Aussitôt, je compris que le moment que j’attendais tant, celui où je serais enfin utile pour le groupe, était arrivé. Je ramassai immédiatement quelques branches éparpillées sur le sol et les regroupais en un seul tas, heureux de servir enfin à quelque chose. Je pouvais sauver la vie de quelqu’un, et je ferais tout pour y arriver. L’occasion que j’attendais depuis si longtemps pour prouver mon importance s’était enfin présentée. Je ne la laisserais pas filer.
Je sortis mon briquet de la poche de mon jean délavé et fis apparaître une flamme bleuâtre. J’approchai le feu du bois. Celui-ci, extrêmement sec, s’enflamma immédiatement, inondant la caverne d’une douce et chaleureuse lumière. Pour la première fois depuis notre arrivée dans la grotte, nous pûmes explorer les lieux.
Nous étions dans une sorte de tunnel, haut d’environ trois mètres et large d’autant. Le corridor s’enfonçait dans les entrailles insondables de la montagne. Derrière nous, la porte était immuable et semblait faite de la même roche que le reste des murs. Ceux-ci, d’une couleur grisâtre, étaient grossièrement taillés de façon à former un plafond en forme d’arche.
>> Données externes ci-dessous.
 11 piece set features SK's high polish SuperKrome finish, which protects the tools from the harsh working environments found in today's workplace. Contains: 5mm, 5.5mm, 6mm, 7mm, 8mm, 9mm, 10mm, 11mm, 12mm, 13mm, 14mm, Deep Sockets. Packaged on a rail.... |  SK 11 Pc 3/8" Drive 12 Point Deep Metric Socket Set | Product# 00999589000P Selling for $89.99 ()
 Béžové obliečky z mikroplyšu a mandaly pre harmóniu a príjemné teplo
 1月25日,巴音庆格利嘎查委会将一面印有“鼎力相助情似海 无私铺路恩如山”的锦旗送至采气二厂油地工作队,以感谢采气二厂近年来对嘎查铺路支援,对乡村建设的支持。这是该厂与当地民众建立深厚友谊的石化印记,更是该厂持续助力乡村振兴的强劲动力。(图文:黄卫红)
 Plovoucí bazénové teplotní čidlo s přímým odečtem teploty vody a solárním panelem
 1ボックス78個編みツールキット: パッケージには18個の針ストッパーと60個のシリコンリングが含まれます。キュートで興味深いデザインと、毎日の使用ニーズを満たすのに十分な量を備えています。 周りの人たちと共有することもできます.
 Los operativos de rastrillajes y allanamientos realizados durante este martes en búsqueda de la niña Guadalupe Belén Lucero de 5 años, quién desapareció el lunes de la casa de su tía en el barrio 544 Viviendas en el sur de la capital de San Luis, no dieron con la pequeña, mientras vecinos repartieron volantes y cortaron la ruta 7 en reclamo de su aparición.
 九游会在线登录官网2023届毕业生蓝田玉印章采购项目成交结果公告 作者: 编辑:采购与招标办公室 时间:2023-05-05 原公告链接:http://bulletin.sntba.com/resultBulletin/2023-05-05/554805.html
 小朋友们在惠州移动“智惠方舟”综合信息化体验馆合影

Le sol, de la même consistance que les murs, était couvert de débris, essentiellement des pierres et des branches.
Je m’arrachai à ma contemplation de la caverne et saisis une branche plus humide, qui brûlait moins ardemment que les autres, et se consumait donc plus lentement. Je venais de créer une torche. J’étais fier de moi.
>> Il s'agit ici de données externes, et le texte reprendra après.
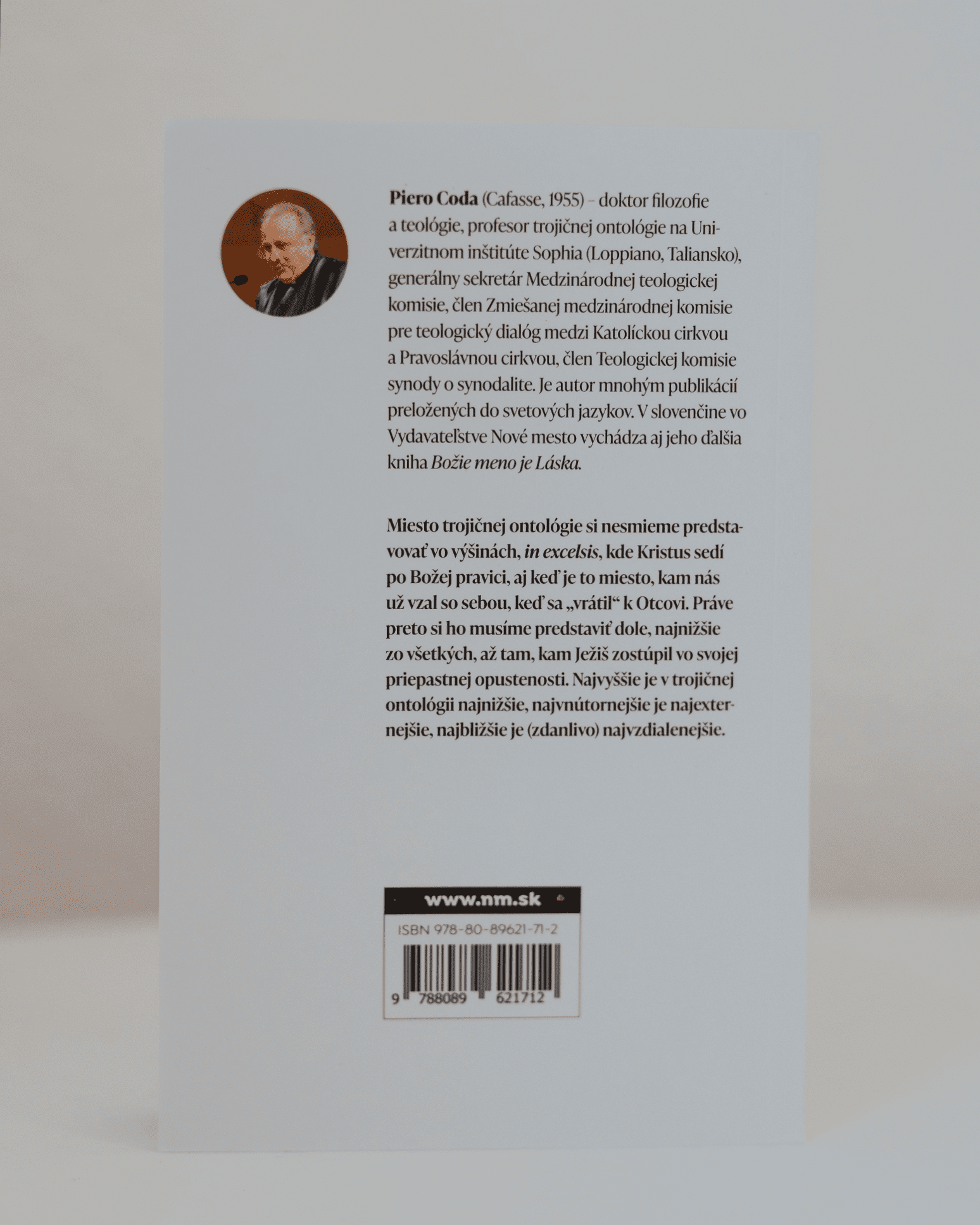 Trojiční ontologie se dívá na bytí z perspektivy Trojice a díky Ježíši nás vtahuje do jejího tajemství. Z křesťanského pohledu jde o událost, která je možná díky Ježíši. Nemá však dopad jen na náš život, ale také na myšlení. Italský teolog Piero Coda nás zve k tomu, abychom se snažili nejen žít, ale i myslet způsobem Trojice. Kniha je pozváním otevřít se či prohloubit se ve filozoficko-teologickém poznání a je výzvou uvádět osobní poznávání do každodenního života.
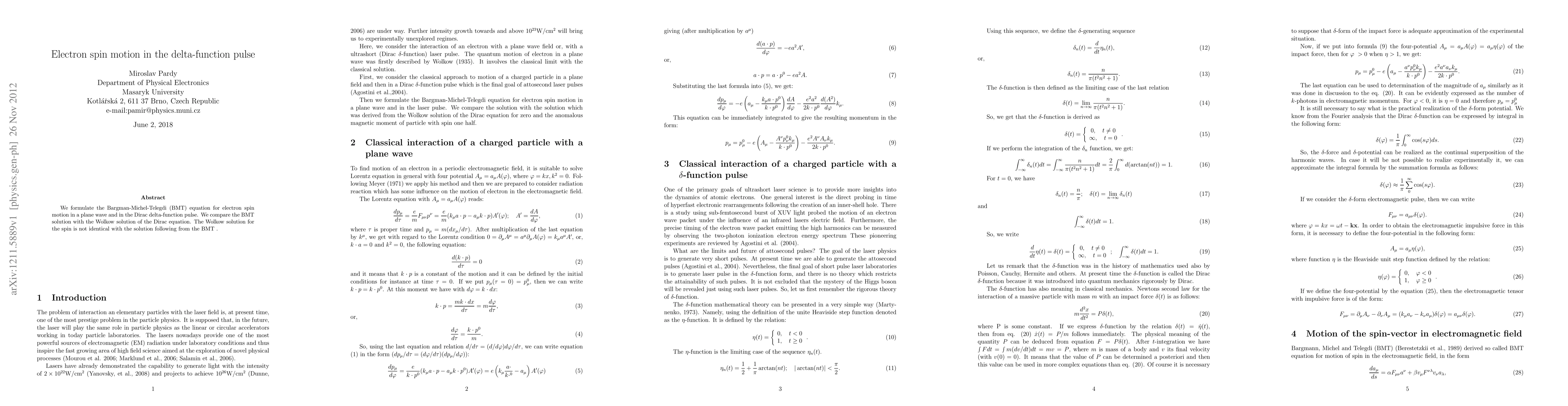 We formulate the Bargman-Michel-Telegdi (BMT) equation for electron spin motion in a plane wave and in the Dirac delta-function pulse. We compare the BMT solution with the Wolkow solution of the Dirac equation. The Wolkow solution for the spin is not identical with the solution following from the BMT .
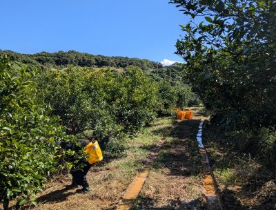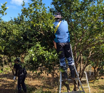 この日は朝から作業服を着て、太陽の下でシークヮーサー収穫に夢中になっています。
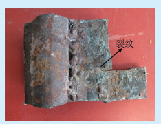 图 1 H型鳍片裂纹现场形貌 |
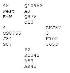 Jeg satt i nord og tenkte en del før jeg meldte 4 ruter. Svein Gunnar meldte 4 hjerter, som stod med 10 stikk. Etter at spillet var ferdigspilt, og resultatet godkjent på bridgemate. Fant de ut at de skulle rope på TL, og resultatet ble endret til 4 ruter 10 stikk. Etter denne endringen datt vi fra 18. til 24 plass på resultatlista.
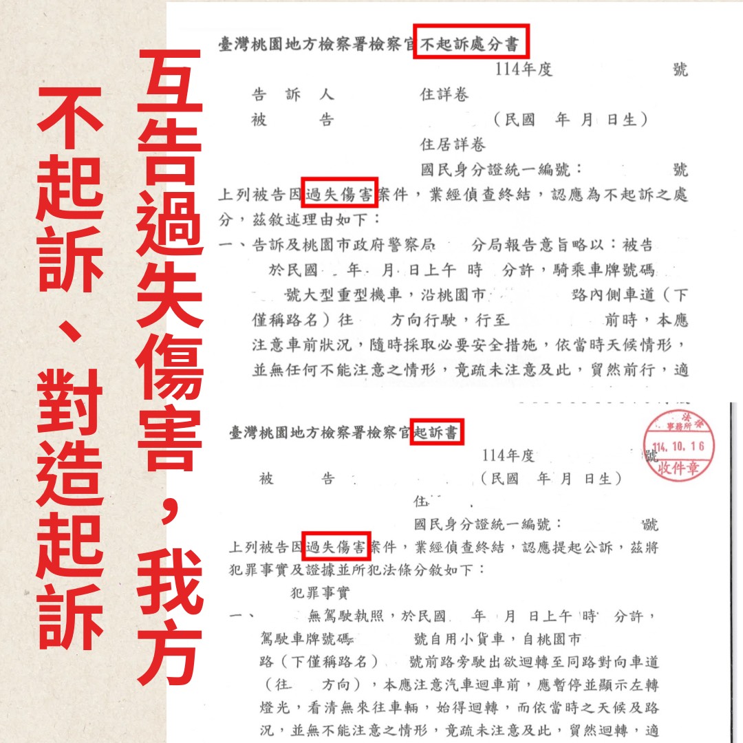 首頁 > 成功案例 > 車禍互告過失傷害怎麼辦?我方不起訴、對造起訴 | 桃園律師 | 桃園車禍訴訟律師 | 桃園刑事律師

-Flo, tu es un génie ! s’émerveilla Jaws.
Un sourire se dessina sur mes lèvres. Même dans la pire des situations, un compliment fait toujours chaud au cœur.
-Allez-y, servez-vous, dis-je aux autres en désignant le tas de bois incandescent.
Je ne pus m’empêcher de remarquer à quel point le groupe était silencieux. J’en déduis que la plupart somnolaient, complètement fatiguée par le voyage et les épreuves que nous avions endurées.
Elli se précipita sur le feu, suivie par le reste du groupe, avant de s’avancer d’un pas rapide vers le blessé. Je marchai sur ses talons et pus observer le désastre : Alexey gisait sur le sol, un épieu d’une cinquantaine de centimètres figé entre ses côtes. Emeline poussa un petit cri et se précipita vers lui, oubliant toute prudence.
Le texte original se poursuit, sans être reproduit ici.